Gold falls 3% after Fed remarks that are hawkish spark a market sell-off
Gold prices fell 3% on the Friday, as a result of a wider market sell-off sparked off by hawkish comments from U.S. Federal Reserve officials. This dimmed hopes for an interest rate reduction in December.
As of 02:33 pm, spot gold dropped 1.9%, to $4,092.72 an ounce. ET (1933 GMT) after falling more than 3% earlier in session. But bullion has gained 2.3% this week.
U.S. gold futures for December delivery settled 2.4% lower at $4,094.20.
David Meger is the director of metals at High Ridge Futures. He said that the idea that there will be a lower likelihood of a Fed cut in December has taken some of the wind from the silver and gold markets.
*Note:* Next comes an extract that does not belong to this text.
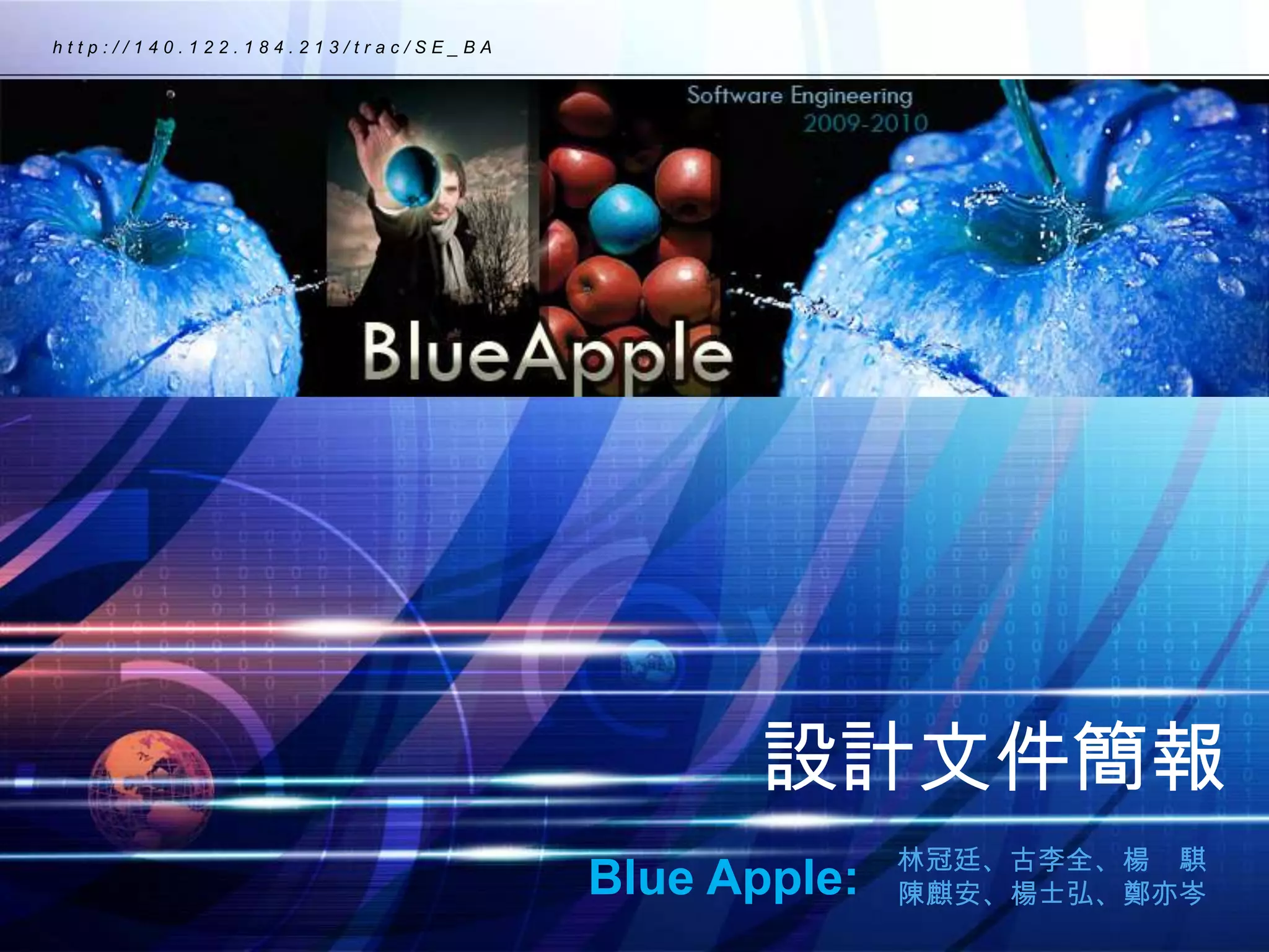 http://140.122.184.213/trac/SE_BA設計文件簡報Blue Apple: 林冠廷、古李全、楊 騏陳麒安、楊士弘、鄭亦岑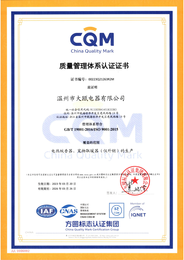 溫州市大甌電器有限公司(以下簡(jiǎn)稱(chēng)大甌公司)是集研發(fā)、制造為一體的日化電器專(zhuān)業(yè)生產(chǎn)制造商。

The equity markets fell after the global sell-off caused by Fed hawkish signals.
The Fed and traders are now in the dark ahead of the next policy meeting due to the longest U.S. shutdown.
Investors were hoping that fresh data would indicate a slowing of the economy, giving the Fed the room to reduce rates in December. This would boost the appeal for non-yielding metals like gold.
These expectations dwindled as more Fed policymakers took a cautious approach to additional monetary ease.
The FedWatch tool of CME Group showed that market expectations for a rate cut of 25 basis points next month dropped to almost 46% from 50% earlier in the week.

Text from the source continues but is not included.